As Williams passed a side street with several inches of snow packed, he noted a car illegally parked on the corner, which would make it difficult for machines to get through.

Williams said this storm came with additional challenges. Not only did the snow fall in a condensed period of time, but it was followed by sleet and frozen rain.

“We wouldn’t have many of the challenges that we’re facing today, slowdowns, if those other weather conditions beyond our control did not exist,” he said. “But again, I want to reassure the public that we’re aware. You see us out here today. We’ll be out here tomorrow, and we’ll continue to fight this storm.”

But for Philadelphians waiting for a plow, time is of the essence.

311 ringing off the hook

For Moya Ferenchak, 30, the effectiveness of the operation carries serious health implications.
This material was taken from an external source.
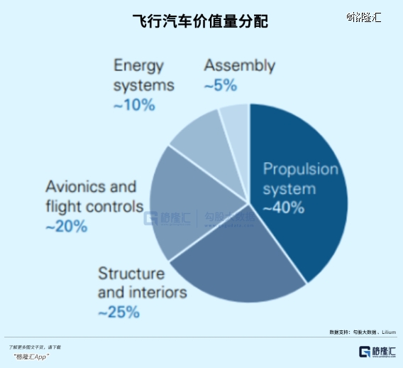 上游eVTOL的核心系统主要分为电池、动力系统、电子设备和飞控系统以及机体4大类,成本比例分别为10%、40%、20%以及25%。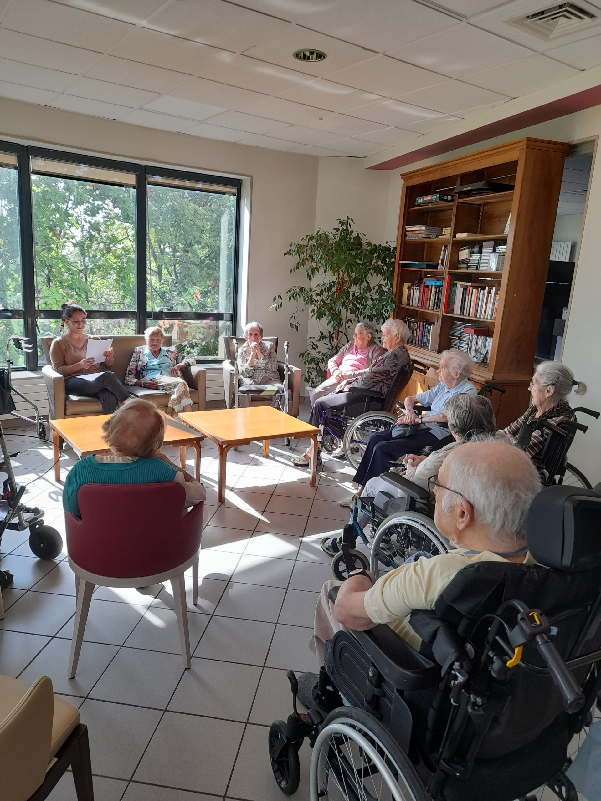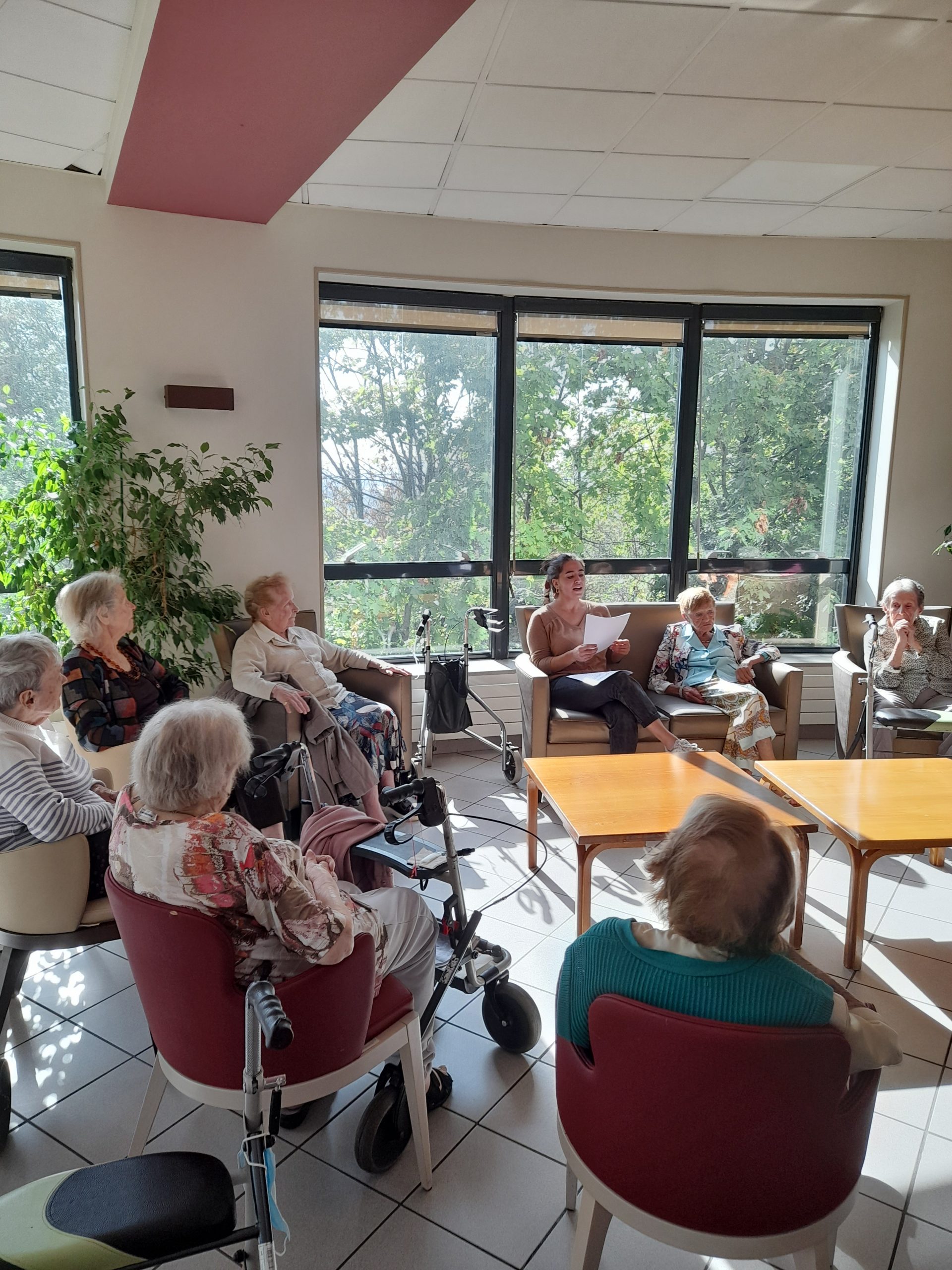 Tous les jeudis matins, Clara réalise un atelier revue de presse dans le salon du Framboisier. Autour d’une boisson chaude, les résidents discutent de l’actualité. Ce moment de partage est apprécié par les résidents.

They started pet sitting on the 1500 block of South Capitol, a South Philly side street, for a friend last Tuesday, bringing exactly one week’s worth of food and lifesaving medication — more than they expected to need.

Ferenchak, who lives with a disability that causes limited mobility, cannot shovel. Calling a car not only is expensive but also would require Ferenchak to travel with all their belongings to an intersection that is not blocked by snow.

Adding to frustrations across the city were reports of inundated 311 phone lines.

“I called first thing this morning, and there was a 50-plus-person queue,” Ferenchak said. “Then I called again, and there was like a 70-plus-person queue. I waited for like an hour or so, and then it hung up on me.”

The processing of online 311 tickets has also been a source of confusion for residents who wonder if they are being paid attention to. Williams said the complaints are populating a map used to direct plows to avoid redundancies.

“We’ll take that data and get it within the operation,” he said.

Some homes feel the impact more than others

On the 4800 block of Regent Street in West Philadelphia, Justin Rothrauff described the road as “treacherous” for the mix of families and older residents who live there.

“One of the big problems, besides the street not being plowed, is that the plowing that they have done on some of those primary roads has blocked the secondary and tertiary roads,” the 43-year-old teacher said, adding even if he could somehow get his car out of his block, he is not sure he would make it back in.

While Rothrauff had heard of people paying to have their roads shoveled, he feels no one should have to.

“I refuse to pay anyone money, I pay enough taxes in the city,” he said.

For some Philadelphians, some information could go a long way. A much-touted live map of plow operations has been reported for mistakenly listing some streets as plowed, according to the residents who live there.

Krista Dedrick-Lai, 45, a South Philly resident, hopes the city will do more to tell people about plowing statuses, and explain why their streets are still covered in snow days after the storm, even if the answers are not what they are hoping to hear.

“Sometimes context can make everyone feel better,” she said, noting her block on Federal Street got a plow Monday and Tuesday, but the snow banks had blocked cars in.

Fortunately, she said, she and her husband have not needed to leave their house to work or to help their child learn through third-grade virtual learning modules.

Others, however, do not have that flexibility. Making matters worse, more snow may be on the horizon this weekend.